Duygularını dolu dolu yaşayan bir toplumuz. Üzüntümüz de aşırı, sevincimiz de. Sevdik mi tam seviyoruz, kızdık mı nefret ediyoruz. Eleştiri dozumuz aşırı ve politik. Takım tutar gibi parti destekliyoruz. Ortamız yok!
İnternette gördüklerimize hemen inanma ve ona göre hüküm verme sorunumuz var. Örneğin sokakta çocuğunun kakasını yaptıran tesettürlü ama görgüsüz kadının kabahatini hükümete çıkarmaya hazırız. Ya da bikiniyle namaz kılan kadın videosunun kurgu olduğunu, ne dinle ne de mantıkla alakası olmadığını görmeyip Türkiye’nin ne hallere düştüğüne üzülebiliyoruz.

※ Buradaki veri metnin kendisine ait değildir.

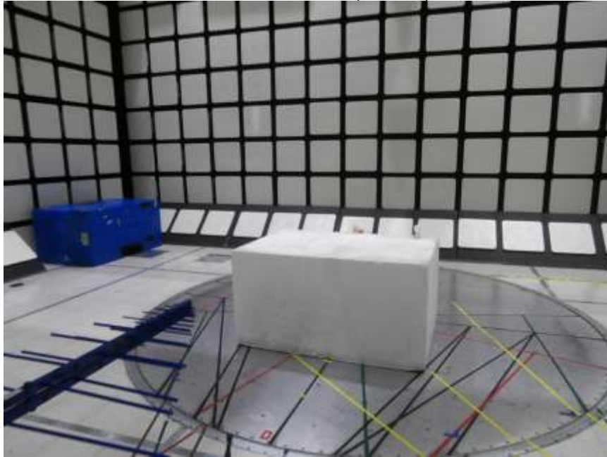
RADIATED EMISSIONS ABOVE 30 MHz (FRONT)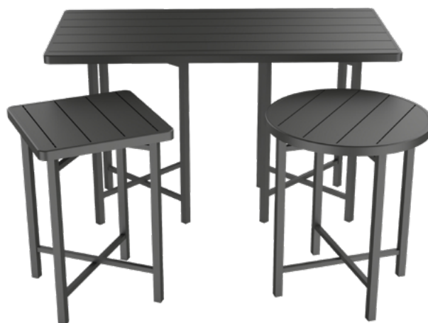
Model #: X02424-36HXBSQ Pebble powder coating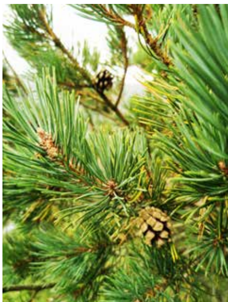
Scots Pine Gíuis Pinus sylvestris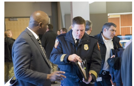
Networking to coordinate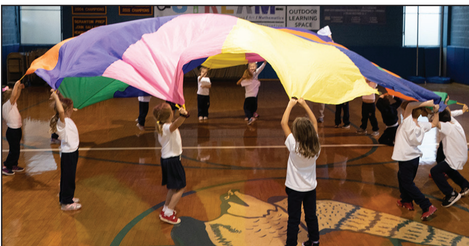
Our Lady of Peace School in Clarks Green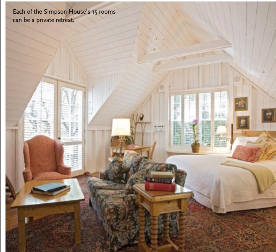
Each of the Simpson House's 15 rooms can be a private retreat.

B uilt as a private home in 1874, The Simpson House Inn is an architectural icon of Santa Barbara, an Italianate Victorian mansion hidden by lush gardens. When it opened its doors in 1985, the 15-room bed-and-breakfast raised the bar for hotels across the state; it's received AAA's Five Diamond rating for 11 years straight.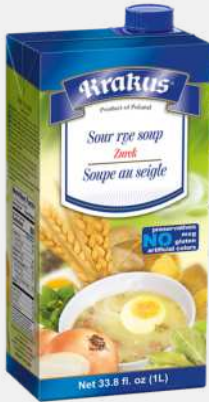
SOUR RYE SOUP ZUPA ŻUREK 33.8 fl oz | 1 L | 8 units UPC# 820213002000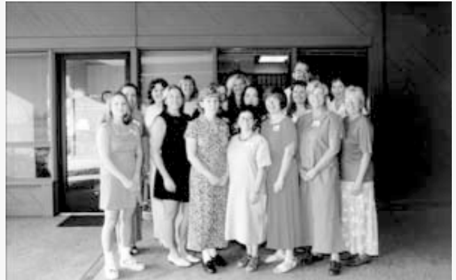
The staff of Great Beginnings FRC in Shasta County standing proudly in front of their center at their grand opening on 9/16/99.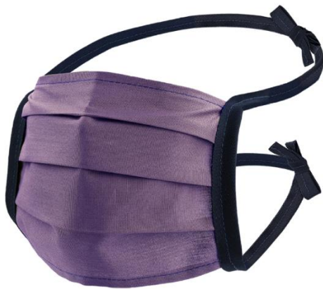
Fig.1: The flat-fold mask shape (4)

The mask shape may include flat-fold or duckbill. Theshall be designed to fit closely over the nose, cheeks and chin. When the masks does not fit well to the wearers face because of the size and shape of the mask, an internal / external air penetrates through the esges of the mask and is not filtered through the fabric. (1)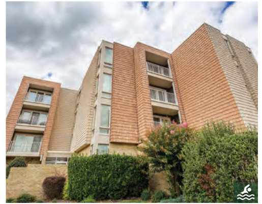
THE CREST-11 VIRGINIA AVENUE 1-2 Bedrooms | 1-2 Baths | Sleeps 4-6* Ocean-Block · Community Pool · Elevator Rates: Call for Rates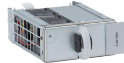
Arista 7010T hot swap and reversible fan module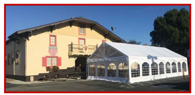
Swiss Park Hall with Outdoor dining tent

7. Tickets, unknown date, Refreshments 10 cents; Refreshments 30cents - Patrons paid for drinks with tickets at the dances. There was also a "uniformed guard" at the dances.

Komplo teorilerine o kadar inanmışız ki bütün itiraflara, görüntülere, mahkeme kararlarına ve başka binlerce delile rağmen hala 15-Temmuz darbesinin arkasında başka işler arıyoruz. O yüzden somut delil olmadığı halde “kontrollü darbe” denilince hemen inanıyoruz veya inanmayı tercih ediyoruz.
Bu durumu artık değiştirmemiz lazım. Daha çok okumalı, araştırmalıyız. Okumayı sevmiyorsak nitelikli belgeseller seyretmeliyiz. Artık tüm bilgiler bir tık ötemizde. Arama motorlarına merak ettiğiniz konuyu yazdığınızda binlerce haber çıkıyor. Elbetteki her haber doğru veya eksiksiz değil. Ferasetimizi kullanarak filtreleme yapmalıyız. Hülasa kendimizi devamlı fikren geliştirmeliyiz.
Toplumları bireyler geliştirir. Türkiye’nin gelişmesini istiyorsak önce biz bireyler daha iyi olmalıyız.